Só piano
Luiz Avellar mostra criatividade em composições próprias lançadas em CD instrumental
O piano solo é sempre um redemoinho de introspecção. O contexto intimista acaba tomando contornos melancólicos e não poderia ser diferente em Luiz Avellar em Movimento, novo disco que o pianista está lançando pela Savalla Records.
Avellar é um veterano que já se apresentou com Milton Nascimento, Djavan, Airto Moreira e Flora Purim, além de render homenagens a Caetano Veloso e outros compositores em discos-solo. O músico aparece agora como compositor e desova criatividade.
O CD é um misto de concerto com improvisação jazzística em que o piano reina solitário. Ao contrário do que ocorre com discos nesse formato, Avellar toca sem descambar para o exibicionismo fácil do virtuosismo. Ou seja, é um disco intimista mas com doses de sobriedade, sem viagens alucinadas.
Fui para o estúdio e em dois dias gravei o disco todo. Sei que o momento é meio nublado para esse tipo de música, comenta Avellar, descartando as possibilidades comerciais do álbum. O lançamento traz dez temas instrumentais que passam longe de qualquer tentativa de agradar ao público afoito pelos modismos da indústria fonográfica.
A originalidade já está presente em Pierrot no Frevo, que abre o CD. Ao contrário do tratamento triste que o personagem recebe no Carnaval brasileiro, Avellar optou por deixá-lo mais alegre associando-o com o ritmo pernambucano. O resultado é uma faixa mais animada.
Já em A Bailarina, o erudito fala mais alto em uma melodia consistente inspirada em Chopin. Representa a solidão da bailarina e o lado eremita do artista, é um trabalho artesanal e solitário, explica o músico. O terceiro tema, Erick e Vivian, retrata a infância dos filhos do compositor. Não falta vivacidade.

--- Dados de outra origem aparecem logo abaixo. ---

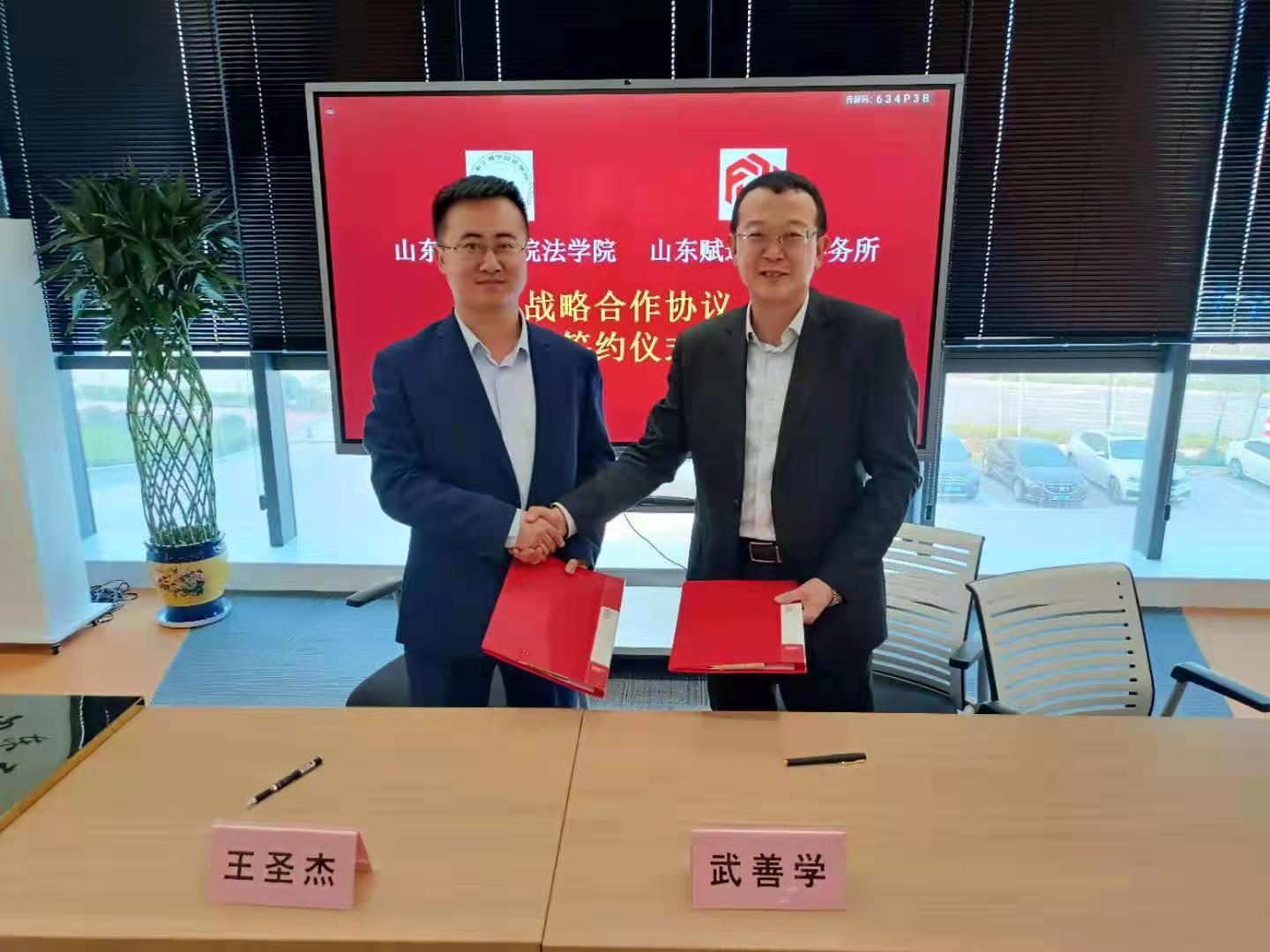 双方通过对合作的具体事项进行深入细致讨论后,现场签署了战略合作协议。根据协议,双方将在人才培养、专家授课、疑难案件研讨、课题研究、业务培训等领域开展深度合作,并建立联席会议机制确保协议的有效落实。根据协议,山东赋远律师事务所在我校太阳成城集团tyc234cc设立“赋远”奖学金。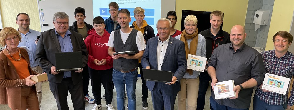 Foto: Landrat Achim Hallerbach und Kreis-Beigeordneter Michael Mahlert (jeweils mit Latop) sowie die stellvertretende Leiterin der Schulabteilung des Kreises (links) und der Digital-Beauftragte Karsten Rodigast (7. von links) freuen sich mit Schülern und Lehrern über die Verbesserung der technischen Ausstattung.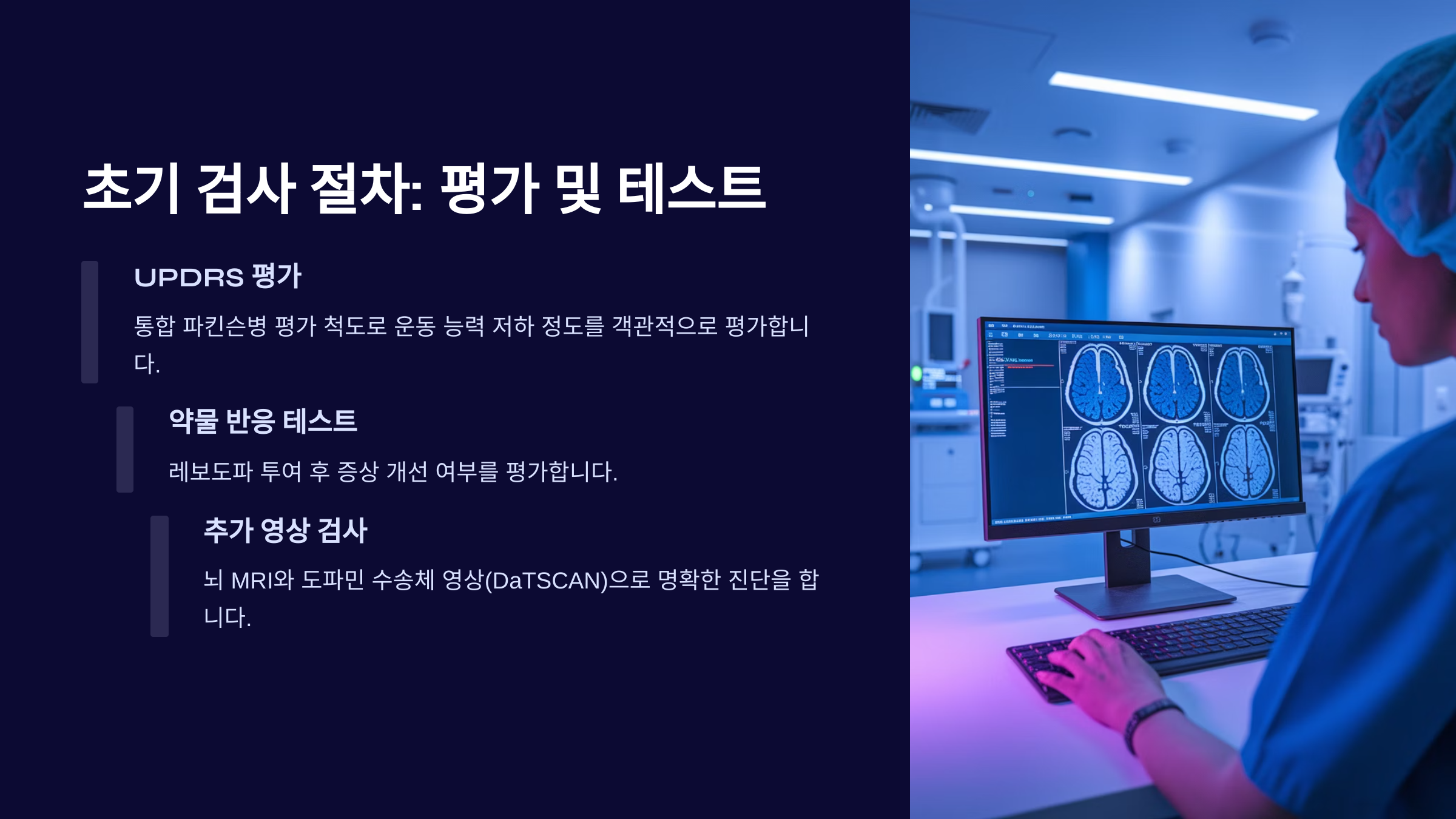 비슷한 증상을 보이는 질환(예: 다계통 위축증, 진행성 핵상 마비, 혈관성 파킨슨증 등)과 구별하는 과정이 매우 중요합니다. 이를 위해 MRI, 혈액 검사, 특정 약물 반응 테스트를 병행하기도 합니다.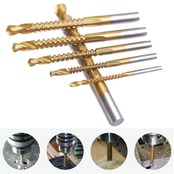 <p>仕様:六角軸、刃先シンニング加工。</p> <p>材料:高速度鋼 ツイストドリルビット。</p> <p>ドリル径サイズ: 3 mm 、 4 mm 、5 mm 、6 mm 、6.5 mm 、 8 mm。</p> <p>ツイストドリルビット</p> <p> チタンコーティング麻花ドリルビット HSSド リルビット 特殊形状 丸シャンク のこぎりドリル 軟金属 鉄工用 木工用 ドリルソーセット</p> <p>斜め刃のデザインで、刃の切れ味がとても良く、パンチング効率が高いです。</p> <p></p> <p>セット内容: 6本入り ツイストドリルビット</p>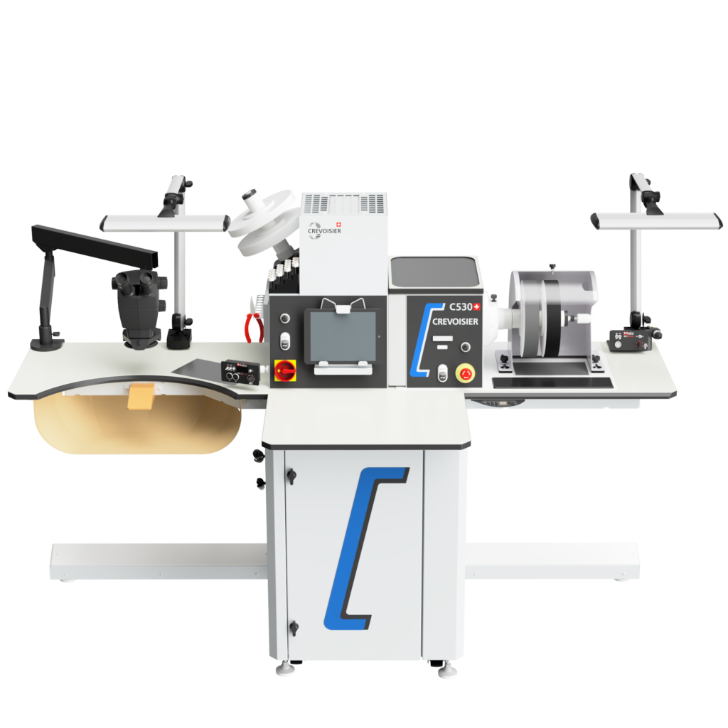 With the C530 jewellery making station, CREVOISIER is harnessing its recognised experience in precision polishing for the jewellery making trades. This innovative station combines an SLINE2 polishing station base – featuring that range’s compactness, performance and quiet running – with a built-in area dedicated to jewellery work, on the left-hand side.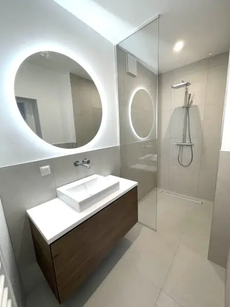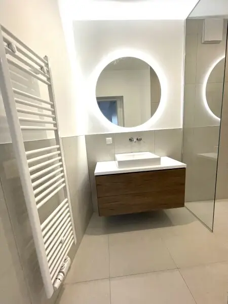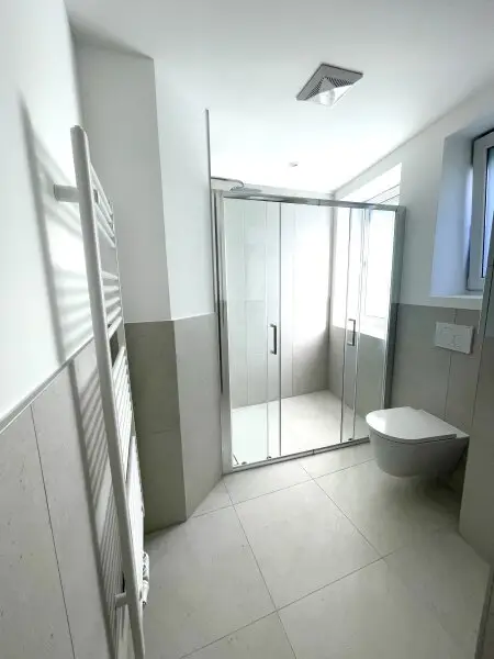 Das großzügige Badezimmer mit Doppelwaschbecken, Dusche und Toilette grenzt direkt an den großen Schlafraum an. Eine separate Toilette vom Gang aus begehbar bietet zusätzliche Privatsphäre. Doppel- bzw. Mehrfachverglasung sorgt für eine ruhige Atmosphäre.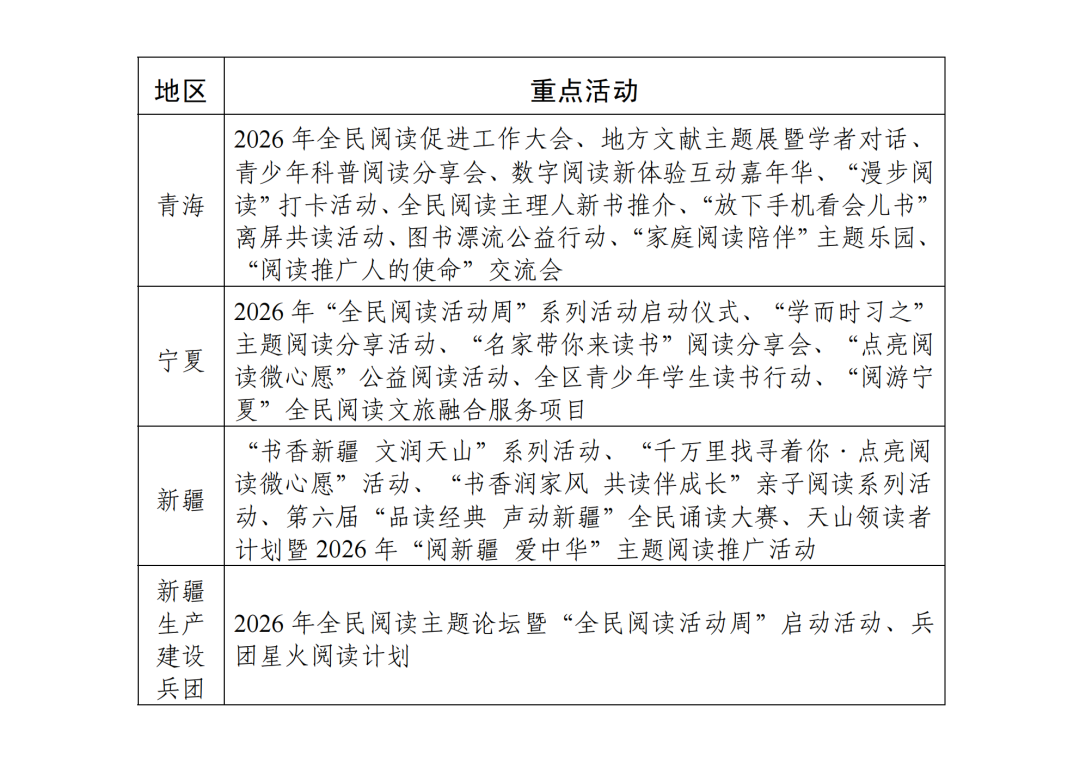1.举办第五届全民阅读大会。深入学习贯彻习近平总书记致首届全民阅读大会贺信精神,以第五届全民阅读大会开幕启动2026年“全民阅读活动周”。精心策划大会各项活动,展示各地区各部门全民阅读工作成果成效,交流全民阅读工作经验做法;发挥文化名家、社会名人的示范作用,吸引群众踊跃参与,激发全民阅读热情。

Em Feliz, há apenas a busca de representação do sentimento e que antecede a entrada de Tango nº 1. Apesar do título, a música é um apanhado de sentimentos evocados pelo gênero musical argentino, e não um tango em si. É uma visão que eu tenho do tango. Gosto muito de música argentina, que passa uma tristeza contemplativa, acentua. A mesma receita vale para Tango nº 2, que fecha o álbum.
Já na faixa seguinte, Segóvia, Cidade e o Castelo, prevalece o arrebatamento de Avellar diante de um show: Estive lá tocando com o Milton e assisti a um show em um castelo. Foi muito bom, saímos calados. Aí compus esta faixa, que é bem soturna.
As influências também se multiplicam. Inspirado em Bill Evans e em compositores brasileiros, surge Valsa. Do Outro Lado do Mundo tem dedicatória. Foi feita para Zizi Possi após gravações com Airto Moreira e Flora Purim em Londres. A nona música, Paisagem de Ipanema também traz uma grande aproximação com a música erudita. Luiz Avellar em Movimento já está nas lojas.(R.P.)
Luiz Avellar em Movimento (Savalla Records). Preço médio: R$ 21,00.